Since the recent communal conflagrations in Gujarat, many concerned Indians have been extremely disturbed by the failure of the state administration to conduct itself according to the Indian constitution - i.e. without discriminating on the basis of religion. They have repeatedly attacked the state government for failing to follow the "rule of law", and have expressed considerable concern for Muslim refugees, some of who still languish in makeshift refugee camps. By and large, the English-language media has not shirked from publicizing the frustration of such Indians, who feel that the safety and well-being of India's religious minorities cannot be taken lightly. On the other hand, critics of the English-language media have accused most English-speaking journalists of having a 'pseudo-secular' bias since they have rarely shown the same concern for Hindus expelled from the Srinagar valley, the vast majority of whom are yet to be rehabilitated. They also note how even though 30% of the riot-refugees in Gujarat were Hindus, this was almost never acknowledged.

They further allude to how Islamic separatist terrorists are made to seem respectable - they are referred to as "alienated from the centre", as "aggrieved parties", as being "defenders of a 'unique' Kashmiri identity" but never as communal "fascists" - a term routinely used to describe Hindutvadi supporters of the VHP or the Bajrang Dal.

While it is doubtlessly true that the mainstream Indian media has deeply-internalized double standards on the issue of secular fairness and justice, the issue of media insensitivity, and selective reporting goes much deeper. For instance, even though there were almost daily stories concerning the communal crisis in Gujarat, crimes against Dalits and Adivasis are seldom reported as frequently. A recent study (as reported in the Deccan Herald) revealed that as many as 30,000 Adivasis and Dalits died as a result of caste-related crimes in 2001. In many instances, law enforcement authorities either looked the other way, or collaborated with the perpetrators. But these violations of the Indian constitution, this breakdown in the 'rule of law' does not appear to excite the same level of outrage. Even those who claim to be "radical" or "progressive" rarely pay sufficient attention to unpunished crimes against Dalits. It is little wonder that Dalit leaders such as Mayawati and Kanshi Ram have accused the Indian political and media elite of being biased and "Manuwadi".

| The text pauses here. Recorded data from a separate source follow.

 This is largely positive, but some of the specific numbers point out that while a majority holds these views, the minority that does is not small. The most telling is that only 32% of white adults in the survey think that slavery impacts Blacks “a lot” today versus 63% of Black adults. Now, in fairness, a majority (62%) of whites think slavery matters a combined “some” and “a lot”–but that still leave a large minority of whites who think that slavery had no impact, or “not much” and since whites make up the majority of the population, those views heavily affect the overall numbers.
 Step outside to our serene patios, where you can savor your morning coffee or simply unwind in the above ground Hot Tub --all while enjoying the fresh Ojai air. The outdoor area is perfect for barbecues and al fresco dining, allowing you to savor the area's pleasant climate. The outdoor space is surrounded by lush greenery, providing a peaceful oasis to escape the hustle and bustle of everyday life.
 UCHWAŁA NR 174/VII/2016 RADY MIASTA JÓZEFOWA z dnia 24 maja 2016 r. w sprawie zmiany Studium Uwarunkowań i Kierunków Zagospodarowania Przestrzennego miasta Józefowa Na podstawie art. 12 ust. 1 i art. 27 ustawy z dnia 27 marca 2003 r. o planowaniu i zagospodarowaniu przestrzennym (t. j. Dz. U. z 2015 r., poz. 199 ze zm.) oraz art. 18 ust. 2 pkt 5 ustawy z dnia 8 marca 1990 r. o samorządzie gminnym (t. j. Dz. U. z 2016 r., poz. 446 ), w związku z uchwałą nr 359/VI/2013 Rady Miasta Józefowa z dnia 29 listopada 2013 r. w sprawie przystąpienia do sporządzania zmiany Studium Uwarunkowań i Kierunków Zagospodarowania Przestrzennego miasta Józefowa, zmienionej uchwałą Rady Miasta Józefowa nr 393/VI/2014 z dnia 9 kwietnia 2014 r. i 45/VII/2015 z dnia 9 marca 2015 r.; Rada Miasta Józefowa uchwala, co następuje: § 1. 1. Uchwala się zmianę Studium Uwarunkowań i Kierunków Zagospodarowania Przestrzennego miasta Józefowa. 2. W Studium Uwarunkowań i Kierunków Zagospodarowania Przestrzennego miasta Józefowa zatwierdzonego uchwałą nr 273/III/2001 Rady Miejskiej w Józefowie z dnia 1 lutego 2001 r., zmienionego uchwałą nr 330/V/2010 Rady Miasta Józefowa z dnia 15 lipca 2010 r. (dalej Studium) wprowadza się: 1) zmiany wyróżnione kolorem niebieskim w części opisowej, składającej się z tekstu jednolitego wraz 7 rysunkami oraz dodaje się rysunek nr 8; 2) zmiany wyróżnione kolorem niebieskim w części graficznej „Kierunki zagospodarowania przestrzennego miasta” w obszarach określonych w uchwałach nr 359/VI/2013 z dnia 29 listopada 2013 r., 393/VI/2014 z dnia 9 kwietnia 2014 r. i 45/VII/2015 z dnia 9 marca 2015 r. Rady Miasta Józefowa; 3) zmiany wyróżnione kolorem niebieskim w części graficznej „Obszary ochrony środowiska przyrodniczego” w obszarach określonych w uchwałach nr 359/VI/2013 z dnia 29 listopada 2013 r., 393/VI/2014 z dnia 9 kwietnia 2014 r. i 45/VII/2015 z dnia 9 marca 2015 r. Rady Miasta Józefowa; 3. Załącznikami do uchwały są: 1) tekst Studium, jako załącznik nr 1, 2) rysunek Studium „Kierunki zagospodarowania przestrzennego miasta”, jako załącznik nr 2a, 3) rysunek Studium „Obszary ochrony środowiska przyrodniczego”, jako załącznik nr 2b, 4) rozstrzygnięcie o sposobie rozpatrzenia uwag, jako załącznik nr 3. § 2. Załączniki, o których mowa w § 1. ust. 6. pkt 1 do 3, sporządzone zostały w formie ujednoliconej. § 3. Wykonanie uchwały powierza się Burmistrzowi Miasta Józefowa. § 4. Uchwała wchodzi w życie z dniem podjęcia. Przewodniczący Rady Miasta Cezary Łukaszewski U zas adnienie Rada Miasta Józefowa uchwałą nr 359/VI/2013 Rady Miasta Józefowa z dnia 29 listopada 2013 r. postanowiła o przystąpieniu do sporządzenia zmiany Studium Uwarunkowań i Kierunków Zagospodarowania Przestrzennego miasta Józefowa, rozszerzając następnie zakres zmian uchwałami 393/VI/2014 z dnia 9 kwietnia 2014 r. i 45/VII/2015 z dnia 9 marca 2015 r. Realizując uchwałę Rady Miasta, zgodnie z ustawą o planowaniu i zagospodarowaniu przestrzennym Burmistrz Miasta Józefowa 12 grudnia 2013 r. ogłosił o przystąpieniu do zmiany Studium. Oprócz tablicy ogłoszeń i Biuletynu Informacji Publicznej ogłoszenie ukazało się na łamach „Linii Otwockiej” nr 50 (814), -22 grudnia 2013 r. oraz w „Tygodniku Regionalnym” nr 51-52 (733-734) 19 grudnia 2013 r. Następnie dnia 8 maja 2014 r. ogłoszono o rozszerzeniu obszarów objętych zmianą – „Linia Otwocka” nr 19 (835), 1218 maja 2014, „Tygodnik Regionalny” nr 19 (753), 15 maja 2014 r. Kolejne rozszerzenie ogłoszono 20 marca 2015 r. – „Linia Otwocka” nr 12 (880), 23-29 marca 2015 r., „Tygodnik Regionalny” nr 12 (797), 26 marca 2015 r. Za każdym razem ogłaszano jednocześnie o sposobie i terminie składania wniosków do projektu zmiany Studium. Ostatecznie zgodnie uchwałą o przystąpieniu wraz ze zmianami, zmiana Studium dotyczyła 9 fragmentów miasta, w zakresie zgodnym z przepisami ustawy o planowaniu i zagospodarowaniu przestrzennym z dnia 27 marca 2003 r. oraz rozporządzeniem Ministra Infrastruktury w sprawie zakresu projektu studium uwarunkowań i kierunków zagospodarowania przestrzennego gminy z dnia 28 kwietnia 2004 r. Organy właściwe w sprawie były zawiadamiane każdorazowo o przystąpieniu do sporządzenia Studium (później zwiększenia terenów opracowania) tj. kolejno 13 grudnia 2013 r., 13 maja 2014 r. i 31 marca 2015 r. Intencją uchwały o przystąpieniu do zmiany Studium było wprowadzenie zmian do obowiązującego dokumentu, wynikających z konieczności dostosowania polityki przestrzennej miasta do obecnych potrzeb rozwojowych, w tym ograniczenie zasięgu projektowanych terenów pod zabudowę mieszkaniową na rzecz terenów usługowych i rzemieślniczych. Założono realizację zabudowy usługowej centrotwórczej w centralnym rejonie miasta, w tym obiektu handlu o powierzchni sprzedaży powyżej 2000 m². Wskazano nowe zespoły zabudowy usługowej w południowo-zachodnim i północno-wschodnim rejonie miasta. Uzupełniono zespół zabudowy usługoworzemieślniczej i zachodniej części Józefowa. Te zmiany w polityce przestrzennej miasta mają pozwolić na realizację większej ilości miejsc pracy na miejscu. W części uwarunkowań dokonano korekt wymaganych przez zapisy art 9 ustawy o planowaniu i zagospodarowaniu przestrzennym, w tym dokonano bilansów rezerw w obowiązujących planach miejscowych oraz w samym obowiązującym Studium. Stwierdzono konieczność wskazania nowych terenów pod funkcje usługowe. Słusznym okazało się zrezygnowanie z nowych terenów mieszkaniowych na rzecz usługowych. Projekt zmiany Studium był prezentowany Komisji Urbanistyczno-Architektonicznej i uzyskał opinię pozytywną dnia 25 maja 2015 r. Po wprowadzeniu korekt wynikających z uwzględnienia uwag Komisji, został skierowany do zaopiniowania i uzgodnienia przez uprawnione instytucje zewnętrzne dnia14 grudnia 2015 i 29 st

This raises a very troubling question. Is the Indian media only going to report about constitutional violations when they pertain to religious and communal tensions? Are they going to shut their eyes to crimes against other oppressed groups? Do other victims count for less? Shouldn't crimes that result from caste or gender differences, sexual or marriage preferences, or property conflicts, also concern us just as deeply?

Although the Indian constitution is quite specific in outlining certain types of protections, there are other areas where it is quite vague in it's support of basic human rights. It is particularly weak in defending economic rights, or the right to employment, for instance.

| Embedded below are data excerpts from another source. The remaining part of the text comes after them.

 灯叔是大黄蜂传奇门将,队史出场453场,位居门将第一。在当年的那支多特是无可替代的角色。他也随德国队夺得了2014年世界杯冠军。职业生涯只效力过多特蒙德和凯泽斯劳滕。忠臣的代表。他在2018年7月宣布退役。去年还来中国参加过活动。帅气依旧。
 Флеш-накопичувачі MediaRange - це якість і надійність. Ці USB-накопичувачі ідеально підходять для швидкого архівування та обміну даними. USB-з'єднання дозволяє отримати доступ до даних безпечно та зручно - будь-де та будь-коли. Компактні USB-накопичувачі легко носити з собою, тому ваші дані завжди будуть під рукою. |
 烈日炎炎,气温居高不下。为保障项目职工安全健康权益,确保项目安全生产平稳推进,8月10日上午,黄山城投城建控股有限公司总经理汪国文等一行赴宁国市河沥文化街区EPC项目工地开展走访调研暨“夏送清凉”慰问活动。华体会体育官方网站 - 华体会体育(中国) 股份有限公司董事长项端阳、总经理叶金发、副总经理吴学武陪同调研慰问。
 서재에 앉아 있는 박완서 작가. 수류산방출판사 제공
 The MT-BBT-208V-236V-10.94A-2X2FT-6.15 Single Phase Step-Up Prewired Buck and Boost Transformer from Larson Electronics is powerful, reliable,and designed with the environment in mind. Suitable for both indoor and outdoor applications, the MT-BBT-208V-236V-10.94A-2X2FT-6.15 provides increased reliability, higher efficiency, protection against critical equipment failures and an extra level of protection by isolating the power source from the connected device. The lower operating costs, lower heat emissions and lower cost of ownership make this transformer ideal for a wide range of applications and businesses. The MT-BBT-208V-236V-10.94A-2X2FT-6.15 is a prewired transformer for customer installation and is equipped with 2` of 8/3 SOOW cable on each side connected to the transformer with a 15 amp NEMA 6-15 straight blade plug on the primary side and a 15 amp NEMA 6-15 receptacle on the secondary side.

Homeless children, widows, the elderly, or the disabled (who can be the most destitute people in India) do not have any explicit protection in the constitution, and not enough demand that any government - (whether local, state or national) take care of them, because there is no specific group or person to blame for their plight, and no Indian law has been explicitly violated. They are simply victims of harsh circumstances.

Yet, this chronic failure of Indian society to take care of it's most vulnerable and helpless citizens rarely draws media attention. In fact, any serious discussion of "refugees" ought to at least acknowledge that the millions of Indians who live in slums are also "refugees" - they are refugees of a peculiar economic situation where jobs are plentiful only where land prices are high, and affordable housing is scarce. Although anarchic growth is not a uniquely Indian problem, being so densely populated, the consequences of unplanned capitalist growth are much more intensely felt. But these victims of India's anarchic development cannot point a finger at any government body and say: "you have failed us - you must rehabilitate us too". They are rehabilitated only when the land they occupy is needed for something else, and they have enough political clout to resist being moved without compensation.

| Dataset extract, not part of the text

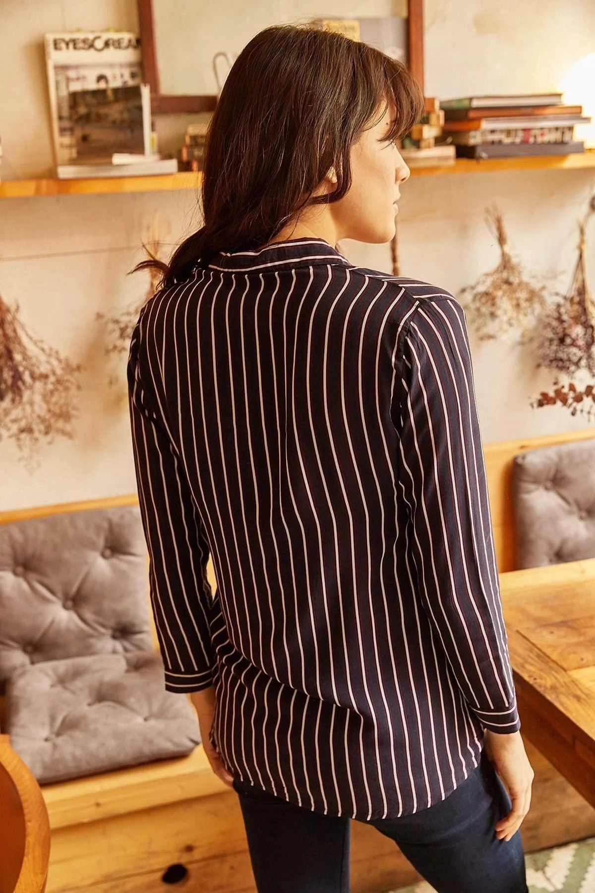 Bu Lacivert Renk Klasik Yaka Çizgili Uzun Kol Gömlek, şıklığı ve rahatlığı bir araya getiren bir seçenektir.; Gömleğin kumaşı %100 Polyester'den yapılmıştır, bu da hem dayanıklılığı hem de yumuşak dokusuyla konforlu bir giyim deneyimi sunar.; Renk seçimi olarak lacivert tercih edilmiştir.; Lacivert, klasik ve şık bir görünüm sağlayan zamanı geçmeyen bir renktir.; Hem formel hem de günlük durumlarda rahatlıkla kullanılabilir.; Çizgili tasarımı, gömleğe hareketlilik ve karakter katarak sıradışı bir görünüm sunar.; Bu gömlek, standart boyutta ve regular kesime sahiptir.; Bu kesim, çoğu bedene uyum sağlar ve rahat bir oturuş sunar.; Uzun kollu tasarımı, serin havalarda ekstra koruma sağlarken, klasik yaka detayı da tarzınızı tamamlamanıza yardımcı olur.; Gömleğin %100 Polyester kumaş içeriği, dayanıklı ve kırışıklıklara karşı dirençli olmasını sağlar.; Bu özellik, ürünün uzun süreli kullanımına olanak tanır ve pratik bir şekilde bakımını sağlar.; Ayrıca, Polyester'in nefes alabilme özelliği sayesinde, terlemeyi en aza indirir ve gün boyu ferah kalmanızı sağlar.; Bu Lacivert Renk Klasik Yaka Çizgili Uzun Kol Gömlek, zarif ve modern bir stil sunarak gardırobunuzun vazgeçilmez bir parçası olacak.; İster özel bir etkinlikte, ister günlük hayatta kullanın, şıklığınızı tamamlayacak ve sizi öne çıkaracak bir seçimdir.
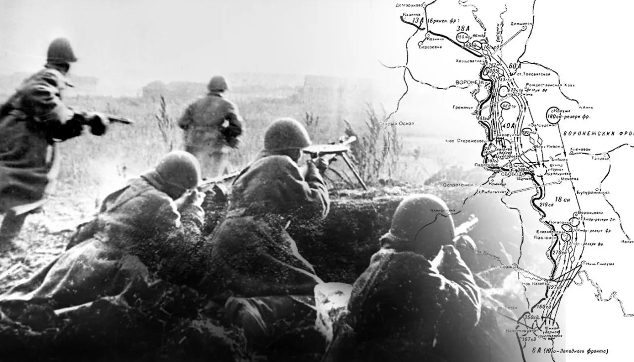 В районе Воронежа батальон пехоты и 8 танков противника пытались атаковать наши позиции. Огнём артиллерии и пехотного оружия все вражеские танки были уничтожены, а пехота рассеяна».

The truth is that since the collapse of the Soviet Union, there has been a conspiracy of silence concerning such fundamental human rights - those that are essential to a life of hope and dignity for all. Rarely does the subject of human welfare, of the duties of the state in ensuring a minimum standard of human existence enter the public discourse in India. And when a brave individual attempts to lead a discussion on the social responsibilities of the state, there is often a chorus of detractors, and the debate is quickly squelched by anti-communist baiters or market fundamentalists who wish to see the state retreat from all it's obligations except those pertaining to law and order and national defense.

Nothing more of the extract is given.